Noblesville Township is one of nine townships in Hamilton County, Indiana, United States. As of the 2020 census, its population was 64,067.

==History==
Noblesville Township was organized in 1827.

The Holliday Hydroelectric Powerhouse and Dam and Potter's Covered Bridge are listed on the National Register of Historic Places.

==Geography==
According to the 2020 census, the township has a total area of 49.108 sqmi, of which 46.825 sqmi is land and 2.283 sqmi is water.
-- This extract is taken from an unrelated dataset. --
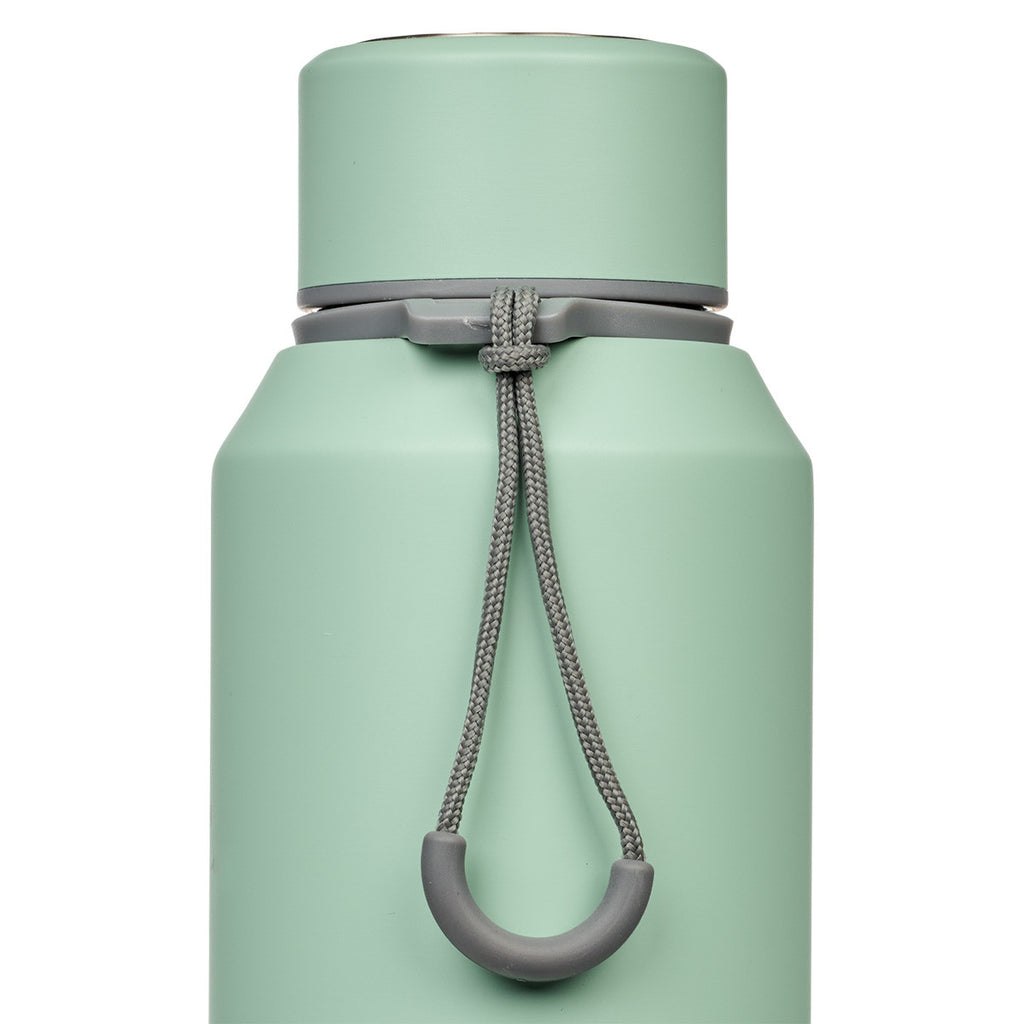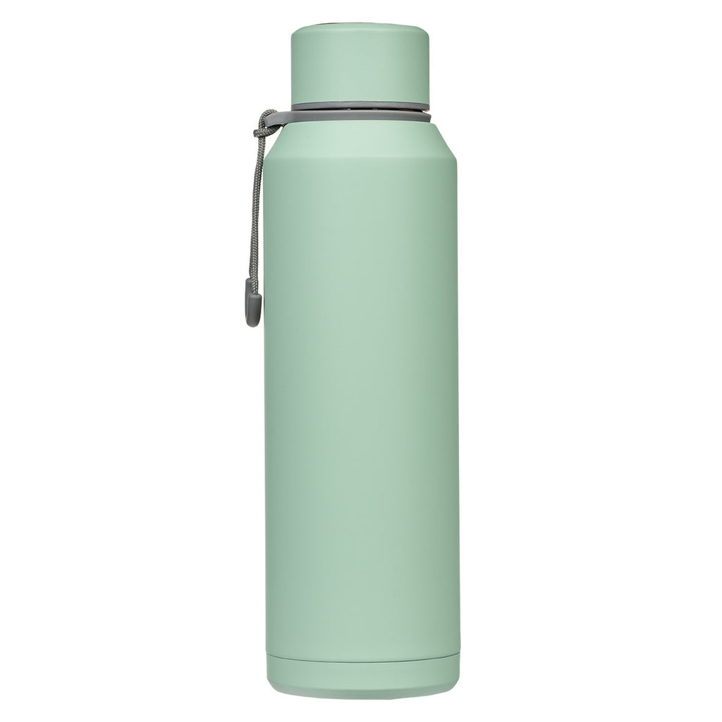 The exterior of the water bottle is powder coated in a scratch-resistant finish with a smooth feel. The twist-off lid is covered in the same finish and has a silicone seal to prevent leaks. A 1.5-inch mouth opening is wide enough to accommodate ice cubes or bottle brushes for cleaning. A gray rim separates the cap from the bottle's body and sports a woven cord loop with a gray plastic finger hook that frees up your hands when carrying it. As with all water bottles, hand-washing with soap and warm water is best. The water bottle comes packed in a full-color printed tuck-top gift box that is easy to wrap.
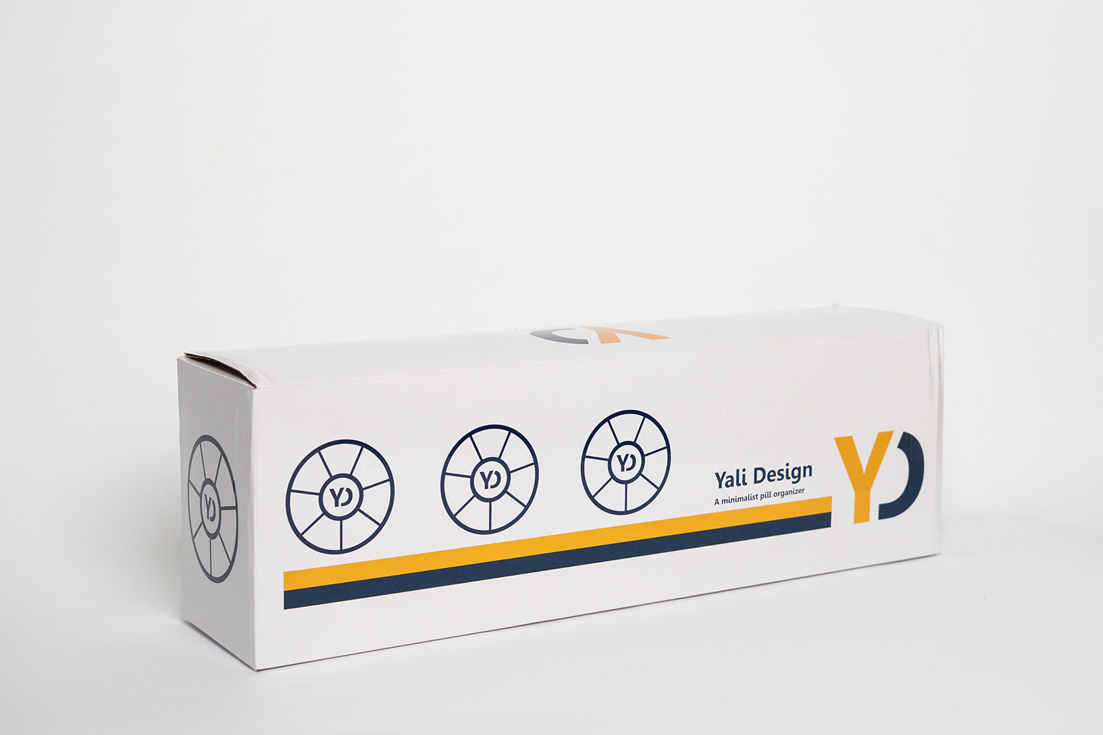 Peel off the adhesive protection sticker and stick it to the underside of your medicine bottle cap. Open the chambers and load your weekly medicine.

The streams of Cicero Creek, Dry Branch, East Fork Sly Run, Lily Vestal Drain, Hinkle Creek, Ingerman Ditch, Kirkendall Creek, Mallery Granger Ditch, Overdorff Branch, Stony Creek, and West Fork Sly Run run through this township.

===Cities and towns===
- Noblesville (vast majority)

===Unincorporated communities===

- Riverwood

===Adjacent townships===
- Jackson Township (north)
- White River Township (northeast)
- Wayne Township (east)
- Fall Creek Township (southeast)
- Delaware Township (south)
- Clay Township (southwest)
- Washington Township (west)

===Cemeteries===
The township contains eight cemeteries: Crownland, Gascho-Trissel, Gray, Hurlock, Riverside, Thorp, Weaver and Zimmer.

===Major highways===
- Indiana State Road 19
- Indiana State Road 32
- Indiana State Road 37
- Indiana State Road 38
- Indiana State Road 238

===Airports and landing strips===
- Roberts-Jacobi Restricted Airport

==Education==
Noblesville Township residents may obtain a free library card from the Hamilton East Public Library in Noblesville city.